2) You don't have to do as much. Why force yourself to run around and interact with objects, NPCs, etc when you can just park in a capital city and queue repeatedly?
3) The gear is better. Granted that may not matter much since CO doesn't give you gear from alerts, but that doesn't stop people from favoring queues over questing. So, rather than staying caught up with your current level, the typical alert baby will eventually emerge at 40 in either heirlooms or swaddled in the starting gear they got from the powerhouse trainer and the purple gang quest chain they ran up until hitting level 10. They might be wearing a few pieces of 11k questionite gear (Armadillo set, etc) as well. This was really only a "problem" at first. And I say it as "problem" in quotes because people saw the vast list of goodies and wanted them all instantly, even though that wasn't what Blizzard had intended. They wanted the Darkmoon Faire to be an event you could continue to participate in every time it was open. As for the heirloom gear, there's multiple ways to obtain it--apparently just like there is in CO. It's not even as grindy as you're implying, either. And yes, I can safely I say this as someone with just about every heirloom in the game.
Are you sure we're playing the same game? If I was to make a list of "stereotypes" for CO quests, There'd be four.
1: Introduction quests... These tell you to go talk to a different NPC who might be in a different region. Such as getting a quest to go talk to people in Canada.
2: Massacre quests. Go Kill X number of guys. Or go kill guys and collect things they drop.
3: interact quests. These are the most annoying because they require you to find objects and the objects aren't always in the open.
4: Boss dungeons. Enter the lair of the villain and take him/her out. May or may not be open world. If open world can be glitchy if two players who are not teamed do it at the same time.
It's actually very RARE to find a quest in CO where the objectives are widely scattered.
For example, one of the quests in Lemuria is to find several radioactive nuclear warheads. It has a timer too. You need to find them, deal with whatever enemies might be in the way, then return to the Aegir before the timer runs out... or you faint from radiation exposure. Yeah, the warheads give you a DoT as long as you hold them.

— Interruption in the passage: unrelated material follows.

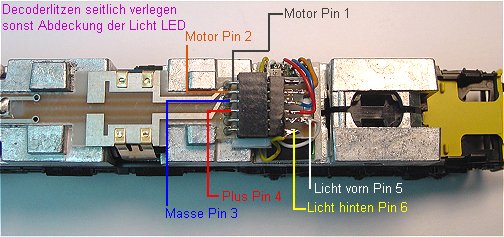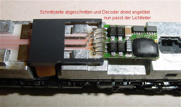 Die Schnittstellenbuchse abzwicken und den Decoder an die verbliebenen Pins anlöten.

Then there's a short quest chain for rescuing a mini sub. The first quest is to find the oxygen tank that go knocked loose in the crash. It's simple, but it has a timer. The second is to kill enemy things while the crew of the sub restart the engines. No moving required, just kill anything that gets in attack range.
In the Desert area, there's a lot of quests related to the prison there. Viper masterminded a plot to break out the prisoners and use them to bolster Viper's ranks. One of the missions is to collect documents that Viper gave to the prisoners. this is done by wandering the quest area, and beating up any prisoners you find and hoping they drop what you're looking for. You get up to 3, but not often.